**EXERCISE REQUIREMENTS**
All of the listing should be output exactly, apart from the pictures.

---- DATA SEGMENT

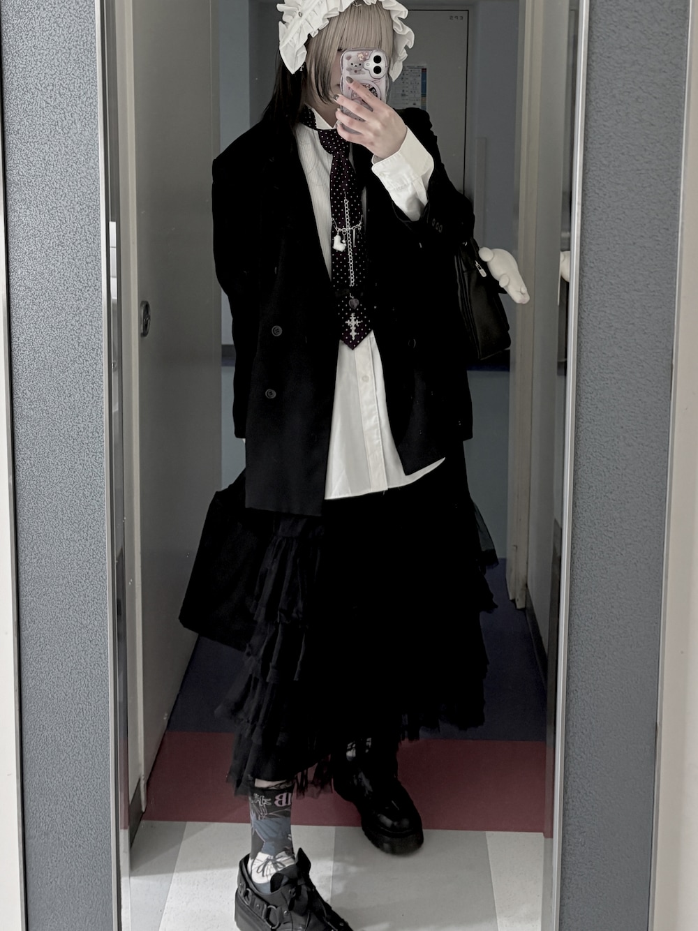 シャツのフリルをヘッドドレスにᐢ ̥_ ̫ _ ̥ᐢ
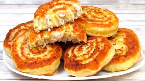 Описание: Ленивые пирожки с куриным фаршем на быстром творожном тесте.Прекрасная альтернатива классическим жареным пирожкам. Ленивые пирожки получаются сытными, они не теряют своих вкусовых качеств даже в холодном виде, а поэтому отлично подходят на перекус к чаю или даже в школу и на работу. Ингредиенты: Начинка 🔸Фарш куриный - 300 гр 🔸Лук репчатый - 1 шт 🔸Картофель - 1 шт 🔸Соль, перец по вкусу Тесто 🔸Творог 5% - 250 гр 🔸Яйцо куриное - 2 шт 🔸Масло растительное - 2 ст.л 🔸Мука пшеничная - 300 гр 🔸Разрыхлитель - 1 ч.л 🔸Соль - ½ ч.л Как приготовить ленивые пирожки с куриным фаршем: В миску выкладываем мягкий творог и разминаем вилкой. Можно взять и обычный зернистый творог, но тогда его нужно будет протереть через сито или перебить блендером. К творогу добавляем 2 яйца, пару столовых ложек растительного масла и соль. Перемешиваем до однородности. Муку смешиваем с разрыхлителем и частями просеиваем в тесто, каждый раз хорошо перемешивая. Когда ложкой перемешивать тесто станет тяжело, припудриваем рабочую поверхность стола мукой, выкладываем тесто и замешиваем его руками. В итоге получается мягкое, эластичное тесто, которое не липнет к рукам. Тесто накрываем пленкой и даем отдохнуть. Для начинки к фаршу добавляем прокрученный через мясорубку лук, натертую на крупной терке картофелину, соль и черный молотый перец по вкусу. Перемешиваем. Тесто раскатываем в прямоугольный пласт размером примерно 30*40 см. Сверху выкладываем начинку и равномерно ее распределяем по поверхности теста. Скручиваем тесто с начинкой в рулет. Защипываем края и нарезаем рулет поперек на кусочки шириной около 2 см. Каждый кусочек переворачиваем срезом вверх и немного расплющиваем, придавая округлую форму. Подготовленные пирожки поджариваем на сковороде на небольшом количестве масла. Жарить необходимо на среднем огне под закрытой крышкой по 3-4 минуты с каждой стороны. Затем ленивые пирожки доводим до готовности в духовке в течение 15 минут при температуре 150°С.
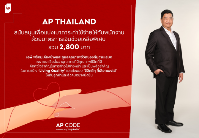 เอพี ไทยแลนด์ สนับสนุนเงินช่วยเหลือพิเศษเดือนเมษายน รวม 2,800 บาท เพื่อแบ่งเบาภาระค่าใช้จ่าย

--------

**OUTPUT**
 シャツのフリルをヘッドドレスにᐢ ̥_ ̫ _ ̥ᐢ
 Описание: Ленивые пирожки с куриным фаршем на быстром творожном тесте.Прекрасная альтернатива классическим жареным пирожкам. Ленивые пирожки получаются сытными, они не теряют своих вкусовых качеств даже в холодном виде, а поэтому отлично подходят на перекус к чаю или даже в школу и на работу. Ингредиенты: Начинка 🔸Фарш куриный - 300 гр 🔸Лук репчатый - 1 шт 🔸Картофель - 1 шт 🔸Соль, перец по вкусу Тесто 🔸Творог 5% - 250 гр 🔸Яйцо куриное - 2 шт 🔸Масло растительное - 2 ст.л 🔸Мука пшеничная - 300 гр 🔸Разрыхлитель - 1 ч.л 🔸Соль - ½ ч.л Как приготовить ленивые пирожки с куриным фаршем: В миску выкладываем мягкий творог и разминаем вилкой. Можно взять и обычный зернистый творог, но тогда его нужно будет протереть через сито или перебить блендером. К творогу добавляем 2 яйца, пару столовых ложек растительного масла и соль. Перемешиваем до однородности. Муку смешиваем с разрыхлителем и частями просеиваем в тесто, каждый раз хорошо перемешивая. Когда ложкой перемешивать тесто станет тяжело, припудриваем рабочую поверхность стола мукой, выкладываем тесто и замешиваем его руками. В итоге получается мягкое, эластичное тесто, которое не липнет к рукам. Тесто накрываем пленкой и даем отдохнуть. Для начинки к фаршу добавляем прокрученный через мясорубку лук, натертую на крупной терке картофелину, соль и черный молотый перец по вкусу. Перемешиваем. Тесто раскатываем в прямоугольный пласт размером примерно 30*40 см. Сверху выкладываем начинку и равномерно ее распределяем по поверхности теста. Скручиваем тесто с начинкой в рулет. Защипываем края и нарезаем рулет поперек на кусочки шириной около 2 см. Каждый кусочек переворачиваем срезом вверх и немного расплющиваем, придавая округлую форму. Подготовленные пирожки поджариваем на сковороде на небольшом количестве масла. Жарить необходимо на среднем огне под закрытой крышкой по 3-4 минуты с каждой стороны. Затем ленивые пирожки доводим до готовности в духовке в течение 15 минут при температуре 150°С.
 เอพี ไทยแลนด์ สนับสนุนเงินช่วยเหลือพิเศษเดือนเมษายน รวม 2,800 บาท เพื่อแบ่งเบาภาระค่าใช้จ่าย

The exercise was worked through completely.